• STORED DATA
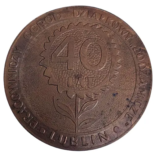 | Obverse lettering | PRACOWNICZY OGRÓD DZIAŁKOWY `PODZAMCZE` LUBLIN 40 LAT (Translation: EMPLOYEE ALLOCATION GARDEN `PODZAMCZE` LUBLIN 40 YEARS) |
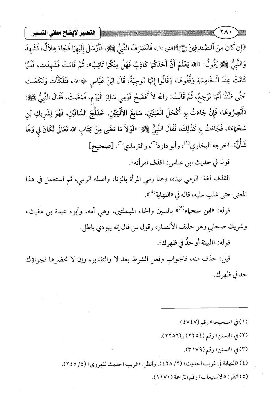 {إِنْ كَانَ مِنَ الصَّادِقِينَ (9)} [النور: 6]، فَانْصَرَفَ النَّبِيُّ - صلى الله عليه وسلم -، فَأَرْسَلَ إِلَيْهِمَا فَجَاءَ هِلاَلٌ، فَشَهِدَ وَالنَّبِيُّ - صلى الله عليه وسلم - يَقُولُ: "الله يَعْلَمُ أَنَّ أَحَدَكُمَا كَاذِبٌ فَهَلْ مِنْكُمَا تَائِبٌ"، ثُمَّ قَامَتْ فَشَهِدَتْ، فَلَمَّا كَانَتْ عِنْدَ الْخَامِسَةِ وَقَّفُوهَا، وَقَالُوا إِنَّهَا مُوجِبَةٌ، قَالَ ابْنُ عَبَّاسٍ - رضي الله عنهما -، فتَلَكَّأَتْ وَنَكَصتْ حَتَّى ظَنَنَّا أَنَّهَا تَرْجِعُ، ثُمَّ قَالَتْ: والله لاَ أَفْضَحُ قَوْمِي سَائِرَ الْيَوْمِ، فَمَضَتْ، فَقَالَ النَّبِيُّ - صلى الله عليه وسلم -: "أَبْصِرُوهَا، فَإِنْ جَاءَتْ بِهِ أَكْحَلَ الْعَيْنيْنِ، سَابغَ الأَلْيَتَيْنِ، خَدَلَّجَ السَّاقَيْنِ، فَهْوَ لِشَرِيكِ بْنِ سَحْمَاءَ"، فَجَاءَتْ بِهِ كَذَلِكَ، فَقَالَ النَّبِيُّ - صلى الله عليه وسلم -: "لَوْلاَ مَا مَضَى مِنْ كِتَابِ الله تَعَالَى كَانَ لِي وَلهَا شَأْنٌ". أخرجه البخاري (¬1)، وأبو داود (¬2)، والترمذي (¬3). [صحيح]
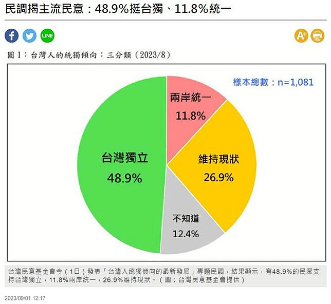 台灣民意基金會於 1 日釋出「台灣統獨傾向」的民調,指出有 48.9%的民眾支持台灣獨立。(圖/台灣民意基金會)
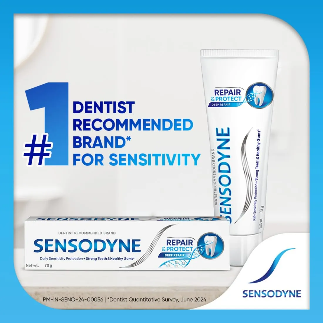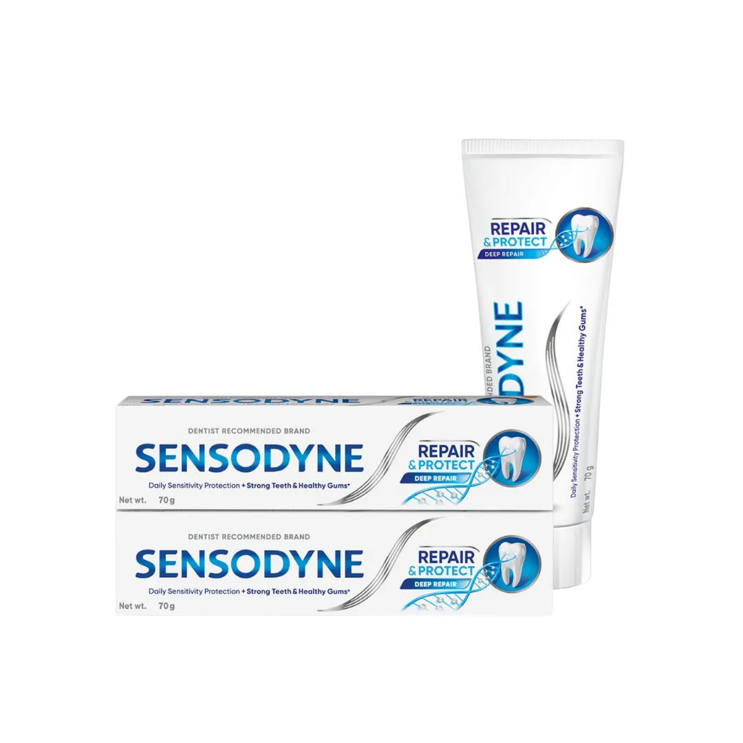 Sensodyne Repair & Protect Deep Repair toothpaste is available in three packs - 70 gm, 100 gm and 140 gm (70 gm * 2) combo pack. Brushing twice a day provides protection from tooth sensitivity. Always follow instructions and guidance included on the pack before use. Although this is not a color correcting toothpaste, it is designed to repair enamel and reduce sensitivity effectively.

• PROMPT
The expected answer is the line with "台灣民意基金會於 1 日釋出「台灣統獨傾向」的民調,指出有" followed by every remaining line of the listing, each restated exactly, with all pictures dropped.

• COMPLETED EXERCISE
 台灣民意基金會於 1 日釋出「台灣統獨傾向」的民調,指出有 48.9%的民眾支持台灣獨立。(圖/台灣民意基金會)
 Sensodyne Repair & Protect Deep Repair toothpaste is available in three packs - 70 gm, 100 gm and 140 gm (70 gm * 2) combo pack. Brushing twice a day provides protection from tooth sensitivity. Always follow instructions and guidance included on the pack before use. Although this is not a color correcting toothpaste, it is designed to repair enamel and reduce sensitivity effectively.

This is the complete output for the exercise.